Control tool behavior with two options:

choice to control whether/how tools are called (:auto, :none, :required, or a specific tool)
calls to control whether the model may return one or multiple tool calls in a single assistant response (:one / :many) (aka "parallel" tool calling)
invalid kwargs and hallucinated/unavailable tool calls are now returned to the model as tool errors so the model can recover and try again (instead of raising app exceptions)
fixed streaming tool-call nil-argument handling and assistant tool-call messages with nil content, so tool-call transcripts stay valid across turns

chat = RubyLLM.chat(model: "gpt-5-nano")
  .with_tools(WeatherTool, CalculatorTool, choice: :required, calls: :one)

response = chat.ask("Use tools to estimate commute time + cost")
puts response.content

Tool Choice (`choice`)

Use choice to control whether the model can call tools and which one it can call.

# Model decides whether to call tools
chat.with_tools(WeatherTool, CalculatorTool, choice: :auto)
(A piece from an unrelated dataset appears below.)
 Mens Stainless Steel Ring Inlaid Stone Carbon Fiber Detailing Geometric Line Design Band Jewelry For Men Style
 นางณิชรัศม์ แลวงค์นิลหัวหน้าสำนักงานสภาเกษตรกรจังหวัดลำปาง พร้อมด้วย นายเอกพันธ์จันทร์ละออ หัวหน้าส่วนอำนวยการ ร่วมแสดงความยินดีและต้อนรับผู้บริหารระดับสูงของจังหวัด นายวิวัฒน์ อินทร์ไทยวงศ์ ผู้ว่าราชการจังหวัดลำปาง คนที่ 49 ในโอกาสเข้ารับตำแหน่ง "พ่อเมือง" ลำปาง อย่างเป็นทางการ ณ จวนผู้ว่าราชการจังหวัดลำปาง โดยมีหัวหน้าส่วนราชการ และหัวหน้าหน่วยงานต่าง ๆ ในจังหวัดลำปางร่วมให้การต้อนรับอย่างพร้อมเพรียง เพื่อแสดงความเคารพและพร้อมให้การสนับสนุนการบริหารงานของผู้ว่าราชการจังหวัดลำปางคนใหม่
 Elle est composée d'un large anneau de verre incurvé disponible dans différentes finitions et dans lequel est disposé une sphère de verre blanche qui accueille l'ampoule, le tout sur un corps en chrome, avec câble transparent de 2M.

# Model must call one of the provided tools
chat.with_tools(WeatherTool, CalculatorTool, choice: :required)

# Disable tool calls
chat.with_tools(WeatherTool, CalculatorTool, choice: :none)

# Force one specific tool
chat.with_tools(WeatherTool, CalculatorTool, choice: :weather_tool)

Valid values:

:auto
:required
:none
tool name symbol/string or ToolClass

"Parallel" Tool Calling control (`calls`)
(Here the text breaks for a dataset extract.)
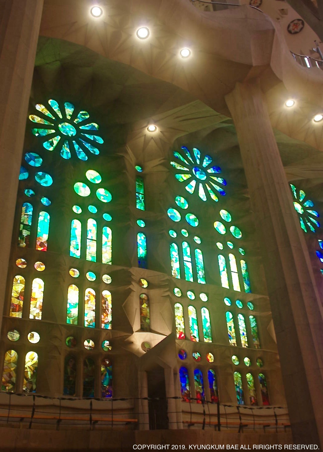 예수의 탄생과 생명을 표현한 성당의 동쪽 파사드 내부는 푸른색 계열의 스테인드 글라스가, 예수의 수난과 죽음을 표현한 성당의 서쪽 파사드 내부는 노란색과 붉은색 계열의 스테인드 글라스가 설치되어 있었다. 스테인드 글라스를 투과하여 내부로 스며드는 빛감에, 황홀하다는 말은 이런 광경을 두고 쓰는 표현인 것 같았다.

Use calls to control how many tool calls the model may return in a single assistant response.

Providers usually call this parallel tool calling. We call it calls because "parallel" can be misleading: tools are not executed in parallel unless your tool executor itself is parallelized. calls describes response behavior directly.
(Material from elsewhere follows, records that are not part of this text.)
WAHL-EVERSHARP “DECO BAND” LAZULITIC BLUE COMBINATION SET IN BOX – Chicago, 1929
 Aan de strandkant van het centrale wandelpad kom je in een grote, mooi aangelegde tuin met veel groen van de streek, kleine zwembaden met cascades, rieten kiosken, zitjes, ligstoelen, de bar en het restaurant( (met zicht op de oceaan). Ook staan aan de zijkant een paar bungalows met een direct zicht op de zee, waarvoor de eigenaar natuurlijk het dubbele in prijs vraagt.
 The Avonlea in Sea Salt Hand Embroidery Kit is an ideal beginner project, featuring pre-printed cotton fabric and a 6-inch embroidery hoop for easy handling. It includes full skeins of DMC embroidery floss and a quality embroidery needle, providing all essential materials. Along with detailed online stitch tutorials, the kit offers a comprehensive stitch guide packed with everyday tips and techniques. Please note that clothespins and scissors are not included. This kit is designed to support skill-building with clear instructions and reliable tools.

# provider/model default behavior
chat = RubyLLM.chat.with_tools(WeatherTool, CalendarTool)

# allow multiple tool calls in one assistant response
chat = RubyLLM.chat.with_tools(WeatherTool, CalendarTool, calls: :many)

# allow one tool call in one assistant response
chat = RubyLLM.chat.with_tools(WeatherTool, CalendarTool, calls: :one)

# equivalent:
chat = RubyLLM.chat.with_tools(WeatherTool, CalendarTool, calls: 1)

Valid values:

:many
:one
1

If calls is not provided, RubyLLM uses provider/model defaults, usually equivalent to calls: :many.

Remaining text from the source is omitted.